La Feria del Libro de Buenos Aires terminó hace poco más de un mes. ¿Cuál fue el balance de esta última edición? No muy distinto al de las anteriores: récord de asistentes y una venta sostenida, a pesar de las dificultades económicas que amenazan a la industria. Por otro lado, quedó claro una vez más que la Feria es en realidad una fiesta de la industria editorial, que sólo cada tanto se roza con los intereses literarios, casi siempre de manera tangencial. Y que los mayores beneficiados –además de los visitantes de las provincias del interior del país, que encuentran allí mucho del material al que no tendrían acceso de otra manera– son los sellos, que pueden comercializar sus productos sin la intermediación de los puntos de venta, es decir, de las grandes cadenas de librerías, que se quedan con un buen porcentaje del precio de venta de tapa de cada ejemplar.
¿Cómo son las cosas, por ejemplo, en España, el mayor centro editor en lengua castellana? Existen otro tipo de problemas. El mercado está virtualmente monopolizado por cadenas como la Fnac o El corte inglés, donde los libros se encuentran cada vez más lejos del alcance de los consumidores. No por el costo (porque en España funciona a la perfección el sistema de edición de libros de bolsillo, que distribuyen casi los mismos títulos que en rústica pero con precios dos o tres veces más bajos), sino por la propia disposición espacial. Hasta hace pocos años, al entrar a cualquiera de estos shoppings culturales, uno se topaba de inmediato con las mesas de novedades. Pero ahora ese lugar lo ocupan la tecnología y los electrodomésticos, y recién luego de sortear televisores y bateas musicales, y de subir tres o cuatro pisos por escaleras mecánicas, uno podrá encontrar los exhibidores de libros. En un café del centro de Barcelona, el editor Pere Sureda, responsable del sello Belacqvua, convalida la observación y habla de la desaparición de las pequeñas librerías como un hecho. “Todo se debe a los márgenes de ganancia”, dice. Y explica que los responsables de estas tiendas hacen una cuenta muy sencilla: calculan cuántos libros deben vender para facturar lo mismo que con la venta de un televisor o una computadora. Así, con los resultados en la mano, deciden ubicar los libros donde menos molesten, lo más lejos posible.

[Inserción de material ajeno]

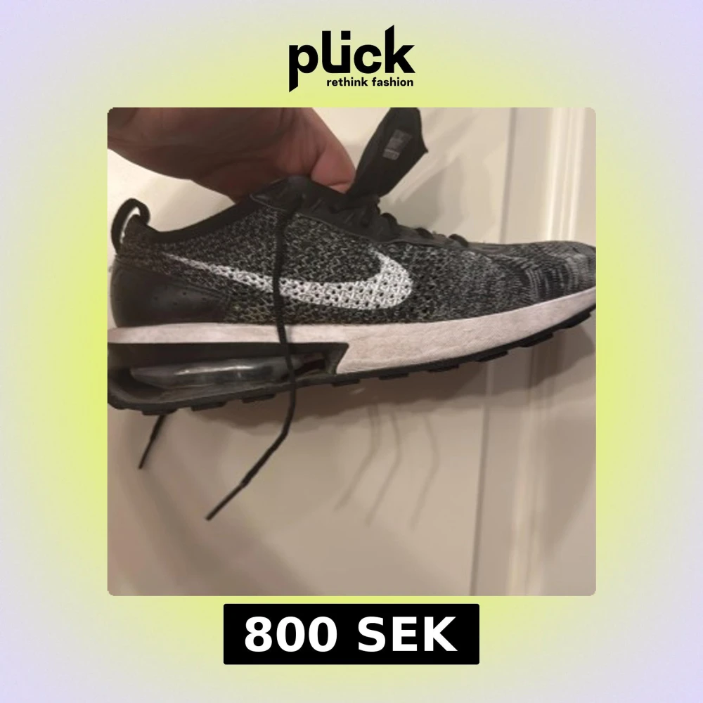 Säljer ett par Nike Air Max med Flyknit-överdel i svart och vitt. Skorna har en stickad ovandel, synlig Air Max-dämpning i sulan och klassisk vit Swoosh på sidan. Perfekta för dig som gillar sportig stil och vill ha riktigt sköna sneakers med snygg design. Köpte den för 2000kr helt ny oanvänd äkta

Y sin embargo, la oferta de las librerías de Barcelona es aún más apabullante que las de Buenos Aires. Cientos de títulos que desembarcan todas las semanas y que, con suerte, tienen una vida útil de unos pocos meses. Si la curva de la cantidad de nuevos libros editados es inversamente proporcional a la de los ejemplares vendidos, y si la gente lee cada vez menos: ¿cómo es que la industria editorial parece expandirse sin descanso? En la otra punta de la ciudad, en una mesa del restaurante Flash Flash, el crítico literario Ignacio Echevarría dice que hay una explicación: editar libros sigue siendo un negocio barato y rentable. A pesar de los costos del papel. “Nos juntamos tú y yo y en dos días, si queremos, nos montamos una editorial. Con que nos vaya apenas medianamente bien, no perdemos dinero”, exagera para ejemplificar. Además, claro, está la cuestión del prestigio: el de editor sigue siendo un oficio bien visto. ¿Pero cuánto puede sostenerse una situación así, con precios en alza, sobreoferta de títulos y libros que venden doscientos o trescientos ejemplares? “Hasta que haya una revolución similar a la que sufrió la música con la digitalización”, arriesga Echevarría. “Recién entonces el negocio del libro cambiará de manera radical”.